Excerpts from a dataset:
···
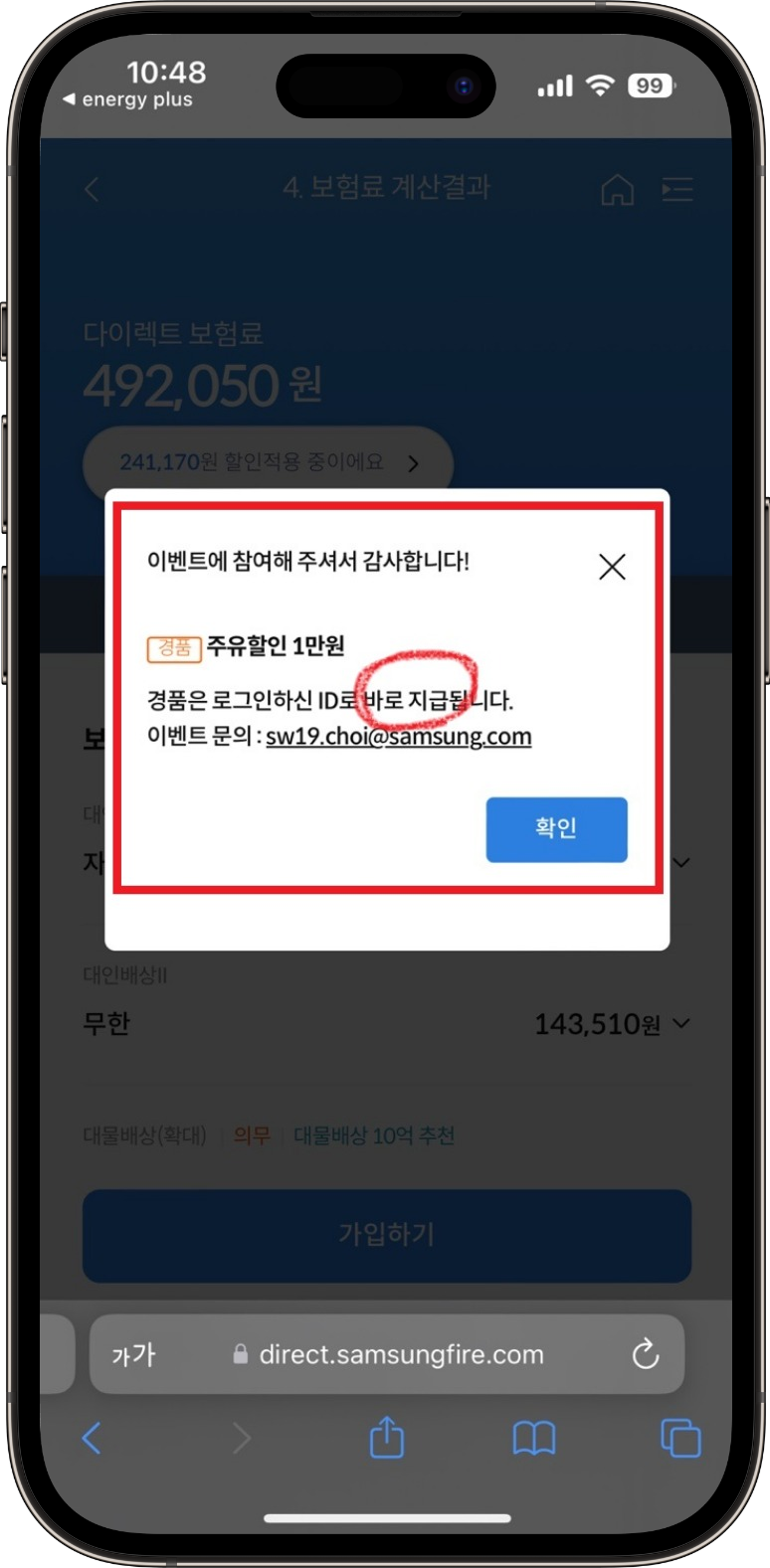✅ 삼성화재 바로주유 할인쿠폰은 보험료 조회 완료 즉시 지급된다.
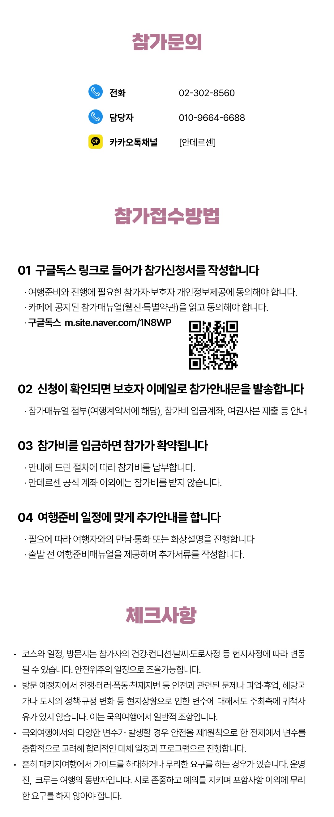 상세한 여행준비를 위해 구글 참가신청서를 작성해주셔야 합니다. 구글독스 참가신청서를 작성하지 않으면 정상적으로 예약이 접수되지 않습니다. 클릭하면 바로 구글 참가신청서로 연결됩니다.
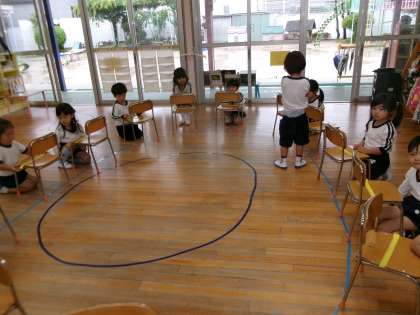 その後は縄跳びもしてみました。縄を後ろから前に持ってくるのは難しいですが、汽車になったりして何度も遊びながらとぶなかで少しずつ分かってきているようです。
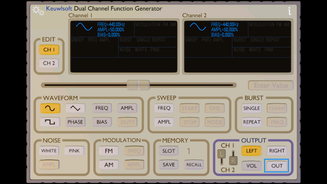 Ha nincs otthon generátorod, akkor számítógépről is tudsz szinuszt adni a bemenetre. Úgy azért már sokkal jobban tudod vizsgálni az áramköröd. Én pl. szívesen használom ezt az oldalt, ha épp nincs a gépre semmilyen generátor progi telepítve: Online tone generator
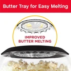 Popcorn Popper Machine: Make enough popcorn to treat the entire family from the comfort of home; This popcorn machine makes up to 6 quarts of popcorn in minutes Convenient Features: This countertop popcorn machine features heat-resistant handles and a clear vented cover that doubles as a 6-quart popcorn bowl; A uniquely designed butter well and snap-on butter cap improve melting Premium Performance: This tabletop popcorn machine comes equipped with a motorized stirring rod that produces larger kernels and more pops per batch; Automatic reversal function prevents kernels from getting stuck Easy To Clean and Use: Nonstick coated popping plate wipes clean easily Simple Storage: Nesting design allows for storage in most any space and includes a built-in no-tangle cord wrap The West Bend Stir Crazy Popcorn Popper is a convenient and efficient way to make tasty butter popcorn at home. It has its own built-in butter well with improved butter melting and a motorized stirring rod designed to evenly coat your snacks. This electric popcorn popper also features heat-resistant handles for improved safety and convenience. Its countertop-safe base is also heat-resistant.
···
_Task statement_: Before answering, find the line with "Ha nincs otthon" in the records above; then reproduce exactly each line from the first through that line, leaving out pictures.

_Written answer_:
✅ 삼성화재 바로주유 할인쿠폰은 보험료 조회 완료 즉시 지급된다.
 상세한 여행준비를 위해 구글 참가신청서를 작성해주셔야 합니다. 구글독스 참가신청서를 작성하지 않으면 정상적으로 예약이 접수되지 않습니다. 클릭하면 바로 구글 참가신청서로 연결됩니다.
 その後は縄跳びもしてみました。縄を後ろから前に持ってくるのは難しいですが、汽車になったりして何度も遊びながらとぶなかで少しずつ分かってきているようです。
 Ha nincs otthon generátorod, akkor számítógépről is tudsz szinuszt adni a bemenetre. Úgy azért már sokkal jobban tudod vizsgálni az áramköröd. Én pl. szívesen használom ezt az oldalt, ha épp nincs a gépre semmilyen generátor progi telepítve: Online tone generator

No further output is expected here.